Summary
- The Iran war is splitting MAGA, President Trump’s core political base, the report said.
- Tucker Carlson, a leading voice on the American right, said he regrets backing Trump over the Iran war and feels betrayed.
- The Wall Street Journal said Tucker Carlson has become the face of the anti-war faction dividing the MAGA movement, and that the friendship between the two men appears to have shattered.
Forecast Trend Report by Period


Tucker Carlson Criticizes Trump in Wall Street Journal Interview
“I Feel Betrayed” as War Fallout Spreads

The war with Iran is splitting MAGA, President Donald Trump’s core political base. Tucker Carlson, one of the most prominent voices on the American right, said he regrets backing Trump and criticized the president over the conflict.
In an interview with The Wall Street Journal published April 25, Carlson said, “I don’t hate Trump. I just hate this war and the direction the U.S. government is taking. I feel betrayed.”
He also asked why the U.S. government “can’t act on behalf of its own citizens.” Carlson called it a generational problem rather than one that began with Trump, adding that Trump had merely shown the system was more powerful than he was.

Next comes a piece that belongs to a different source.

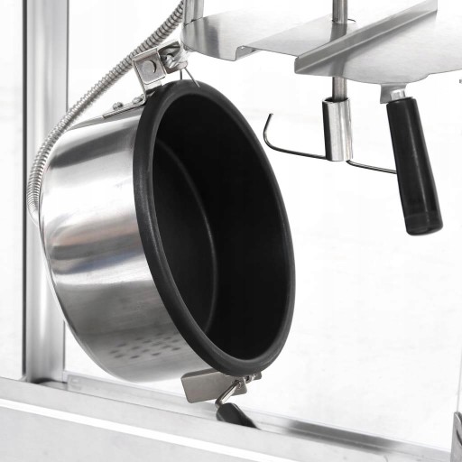 Przygotuj pyszny popcorn w kilka minut dzięki naszej maszynce do popcornu! Jest to prawdziwa atrakcja, zaprojektowana specjalnie na potrzeby profesjonalnego cateringu oraz domowe. Można ją łatwo obsłużyć za sprawą 3 przycisków, dzięki czemu zrobienie popcornu jest szybkie i proste. Maszynka ta ma moc 1400 W i może szybko osiągnąć odpowiednią temperaturę roboczą. Przezroczysta obudowa z wentylowanymi szybkami umożliwia obserwowanie strzelającego popcornu. Podświetlane wnętrze pozwala na kontrolowanie przygotowania każdej porcji, aby osiągnąć perfekcyjne wyniki. Maszynka zawiera pojemnik ze stali nierdzewnej z wbudowanym systemem mieszania. Powłoka teflonowa tego wyjmowanego pojemnika zapobiega przypiekaniu się popcornu do jego powierzchni. Urządzenie ma odchylane drzwiczki ułatwiające nabieranie i serwowanie popcornu. Dzięki lekkiej konstrukcji możesz z łatwością przestawić je z jednego miejsca w drugie.

Carlson said he broke with Trump on Feb. 28, when the Iran war began. He said he visited the White House three times and spoke with Trump day and night in an effort to stop the war, but failed.

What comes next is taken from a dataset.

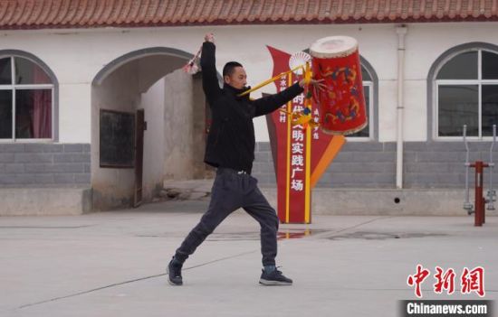 2月中旬,在蘭州市永登縣苦水鎮(zhèn),33歲鄧鑫擊打起太平鼓。 九美旦增 攝

“Unfortunately, Trump ended up proving his own claim that the people who run the government think only of themselves,” Carlson said. “That may be a way to run an authoritarian system, but it is not a way to run a liberal democracy.”

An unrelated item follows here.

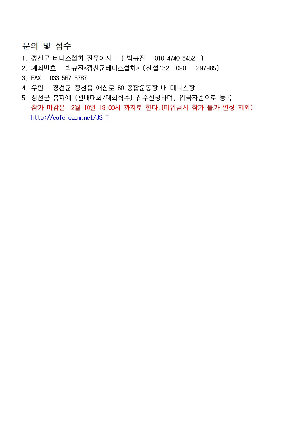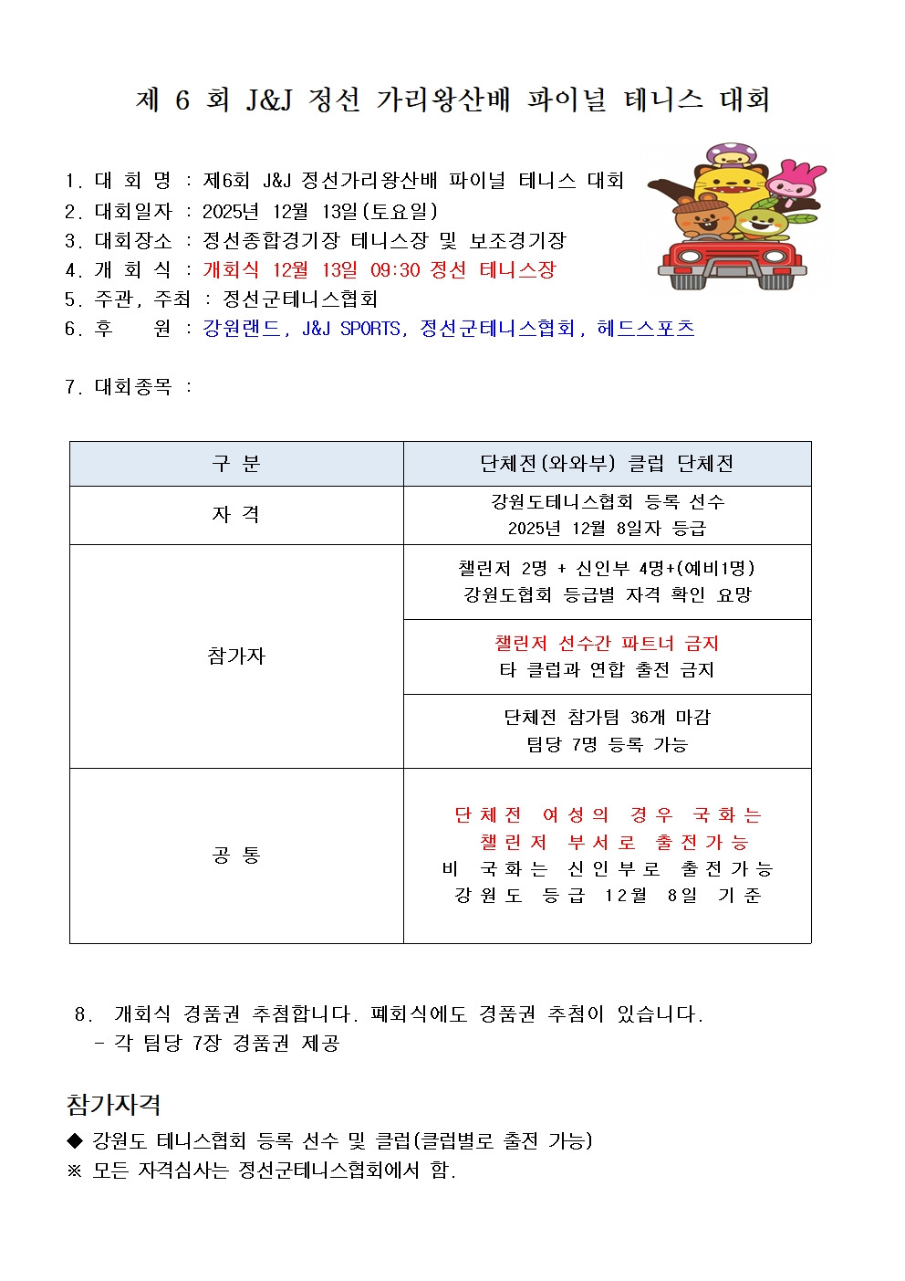 2025년 J&J 정선가리왕산배 테니스대회 단체전 요강임다. 작성자(박규진)푸하하^^규진~~|작성시간25.11.12|조회수586 목록 댓글 1 글자크기 작게가 글자크기 크게가 다음검색 현재 게시글 추가 기능 열기 북마크 공유하기 신고 센터로 신고 댓글 댓글 1 댓글쓰기 답글쓰기 댓글 리스트 작성자(박규진)푸하하^^규진~~ 작성자 본인 여부 작성자 | 작성시간 25.11.12 단체전 1부서만 합니다 신인 4명 챌린저 2 명 댓글 전체보기

Carlson, a former anchor at CNN and Fox News, has long been regarded as one of the media figures closest to Trump. He launched his own podcast in 2023 and now has 6 million followers.
Carlson also played a role in shaping Trump’s second administration, including Vice President JD Vance’s selection, the Journal said. The newspaper described Carlson as “the most popular conservative commentator in America” and said he has become the face of the anti-war faction dividing the MAGA movement. It added that the friendship between the two men, who spent nearly a decade reshaping the modern conservative movement together, appears to have shattered.
On his podcast on April 20, Carlson said he expected to be troubled by the fact that he had supported a president at war. He also said he wanted to tell people, “I’m sorry for misleading you.”
During the 2024 presidential campaign, Carlson was a staunch Trump ally and gave speeches backing him. He supported Trump in part because of the president’s pledge not to start “new wars” overseas, including in the Middle East.
But the relationship began to fray after Trump’s second administration took office. Carlson criticized Trump over the airstrikes on Iranian nuclear facilities in June 2025. Trump responded by calling Carlson a “weirdo.” Carlson also criticized the U.S. overthrow by force of Venezuelan President Nicolás Maduro in January 2026.
The relationship appeared to improve when Carlson accompanied Trump to a January 2026 meeting with oil-industry executives. Trump pointed to Carlson at the time and said he was a “very famous conservative” and a “WASP,” an acronym for White Anglo-Saxon Protestant that refers to a traditional upper-class establishment group in the US.
But at about 10 p.m. on Feb. 27, the day before the attack on Iran, Carlson said he received a message reading, “We’re going,” meaning an attack was imminent. “I simply couldn’t believe this was really going to happen,” he said, recalling the moment.
As Carlson continued to criticize the Iran war, Trump attacked him on April 17, saying, “Tucker is a low-IQ person” and “overrated.”